What I mean is, are the thoughts of what was, or could have been, over powering the pain and bad that this person has caused, so you end up missing that person more because of the fact that he/she initiated the break-up?

I was thinking about my past relationships, and this question came to mind.

Any thoughts?
Re: Question for all. flyaway: ummm, can you run that one past me again?  I'm totally confused.

let me see if I can paraphrase. 

Do you end up missing your former partner quite badly, now that time has passed, because the emotions have cooled off?

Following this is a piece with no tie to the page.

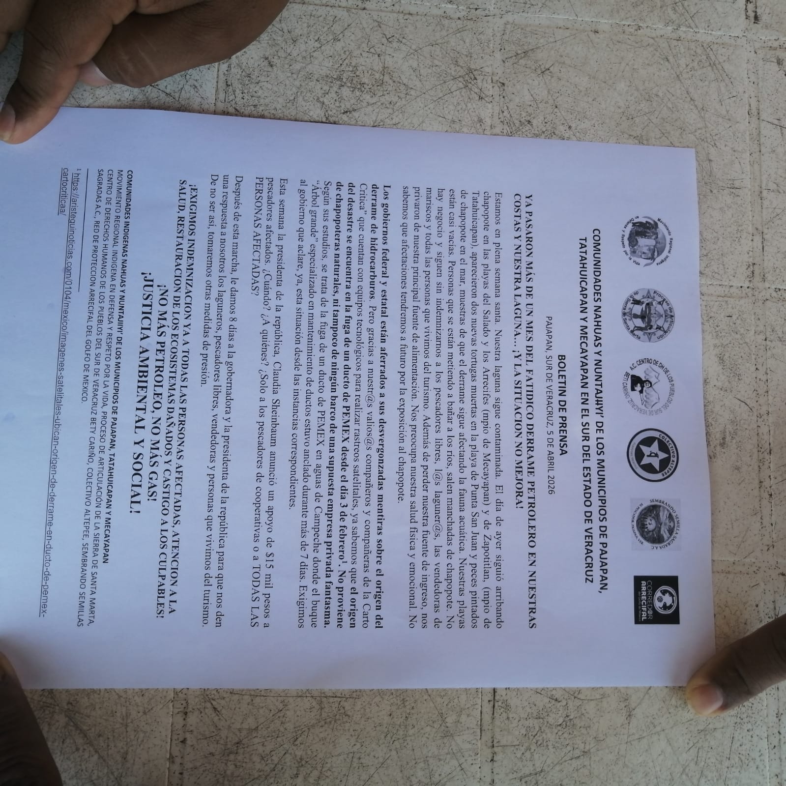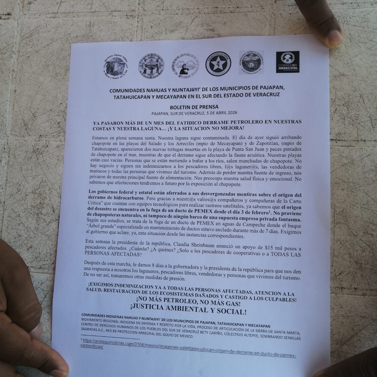 Los organizadores han señalado que esta movilización surge ante la falta de respuestas claras y acciones efectivas por parte de las autoridades frente a los daños ocasionados por la contaminación petrolera, la cual afirman continúa afectando gravemente a especies marinas, manglares y medios de subsistencia de las familias de la zona.

if this is the question, my answer is NO.  I don't miss him.  I think I am still in the numb phase, with a bit of rage thrown in once and a while for good measure.  ;)

flyaway

ps.  stop drinking so much coffee, smiley.  :P


ETA:  I'm 19 months out of my last and final separation


Re: Question for all. kimberly: Definately, for me anyway.  I always seem to want something more when it becomes unavailable to me.  It's a really self-destuctive pattern but I can't seem to help it. I have heard that it's common. I truly believe my ego took a bigger blow than my heart when the ex left.  Sure I loved him intensely but my desire for him to come back isn't because I want to be with him...............it's so I can have the chance to dump him, to hurt him like he did me.  I want the ball back in my court and I know it's a totally foolish way to think but....................
Re: Question for all. Mo: I think I have experienced this on both ends.  It is my opinion that yes, the feelings do intensify during those times.  Fearing the unknown and starting over can be overwhelming and it may seem that accepting a bad situation is okay because it is the familiar situation to you.  Make sence?
Re: Question for all. CDNgurl: Hi Smiley - yep...  this is totally the case for me.  I would have denied it first, but as time goes on I can see my bruised ego played a big part in my pain.